The unofficial Texas state motto is "Don't mess with Texas." The unofficial motto here in Kansas City is "They don't fight fair."
We heard it from city leaders when Indianapolis stole the NCAA offices from Overland Park. The whining echoed when Dallas managed to coax the Big 12 offices away with false promises. Now the Big 12 basketball tournament is headed to Dallas, where college basketball is about as popular as gun control.
In-state rivals Texas A&M and Texas Tech drew 4,264 fans for their game in Lubbock on February 24. This is the basketball "hotbed" Kansas City lost the tournament to. Embarrassing? A more accurate word would be "typical." Kansas City doesn't deserve to keep the Big 12's showcase event, which supposedly generates a $20.5 million economic impact from the men's and women's tournaments combined.
For almost a decade Kansas City has proposed, debated, discussed and ordered feasibility studies on the viability of a new downtown arena that would showcase the Big 12 tournament, the Blades, the Attack and world-class events while providing offices for such organizations as the NCAA and the Big 12. What do we have to show for all that hot air? A hump on the dump that we call Kemper Arena.
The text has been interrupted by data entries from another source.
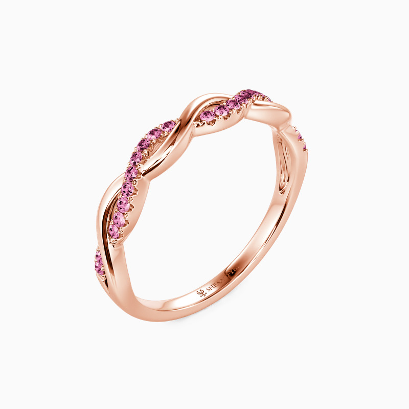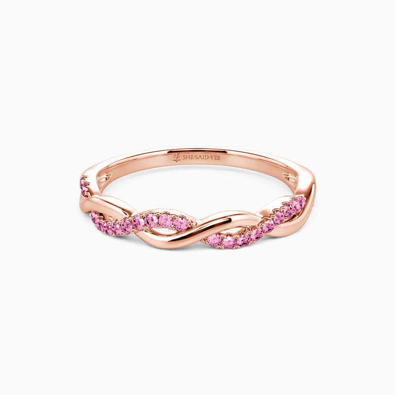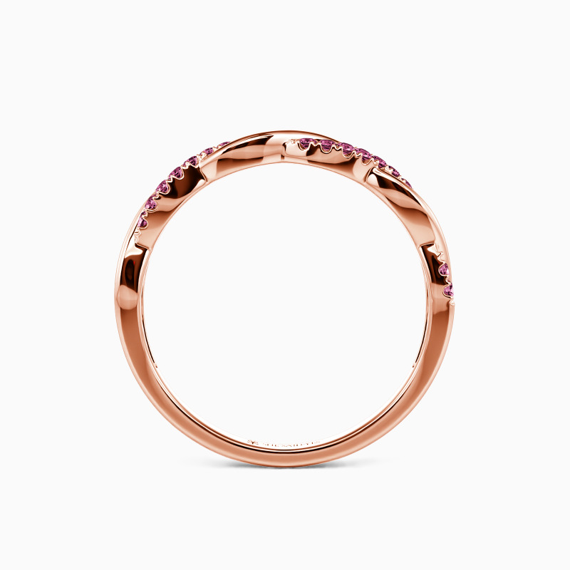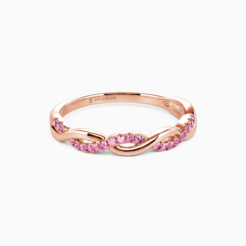 Contemporary design for the chic bride-to-be. This eye-catching wedding band is completed by one shank set with dazzling pavéd stones and the other a highly polished metal finish. They intertwine with each other to create this unique look and witness your exchanged souls. Love is giving freedom, and I promise you to love you all forever.
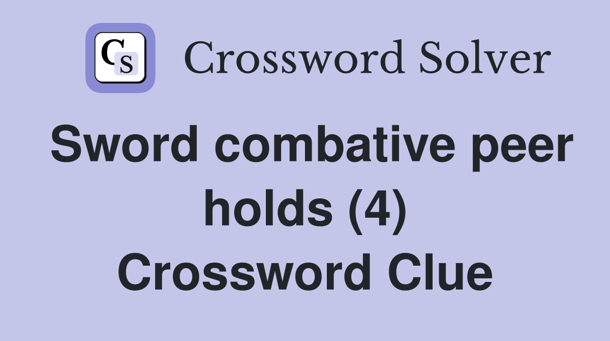 Sword combative peer holds (4) Crossword Clue Answers Crossword Solver
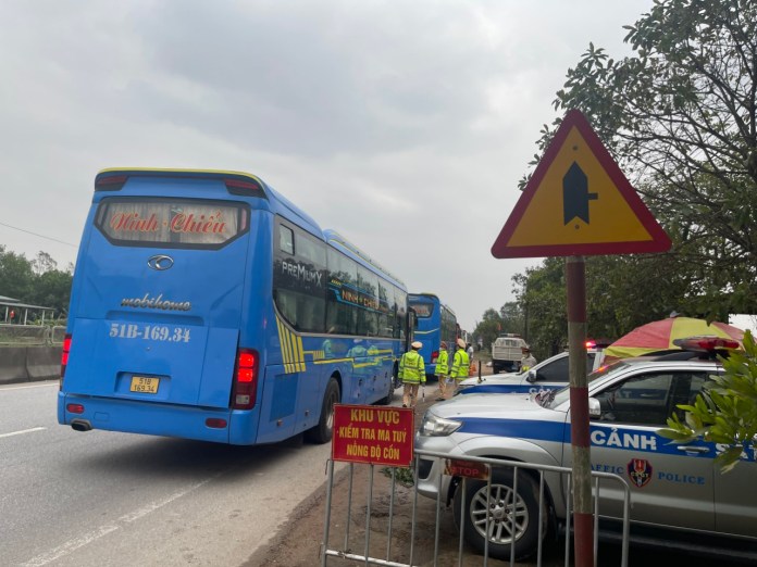 Lực lượng CSGT kiểm tra nồng độ cồn đối với lái xe ô tô vận tải hành khách.
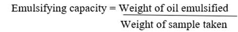 Emulsifying capacity was calculated as follows:
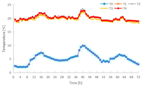 The outdoor air temperature T0 and the indoor air temperatures T1–T4 measured from 6–8 February 2023.

The city spent $23 million to add 2,142 seats, upgrade the walkways and concession stands, add four restrooms and put a glass entrance on the east side of the building. The new seats sit so high and are so steeply stacked that vertigo overwhelms climbers who assault Yikes Peak. This is the kind of "solution" that Kansas Citians produce to combat the Texas takers.
The fault does not lie solely with civic leaders. Every one of us who sits back and accepts pothole patches for crater-sized problems deserves blame for the stagnant state of our downtown.
What has Dallas been doing to welcome Big 12 basketball fans in 2003? The city has created one of the most attractive, jaw-dropping downtown developments seen in this country. The 19,200-seat American Airlines Center will anchor a 65-acre downtown Dallas development project dubbed "Victory."
The Dallas arena will be among the finest in the world. Each seat will be equipped with power outlets and Internet access -- not just the posh seats in the high-dollar suites but every seat in the arena.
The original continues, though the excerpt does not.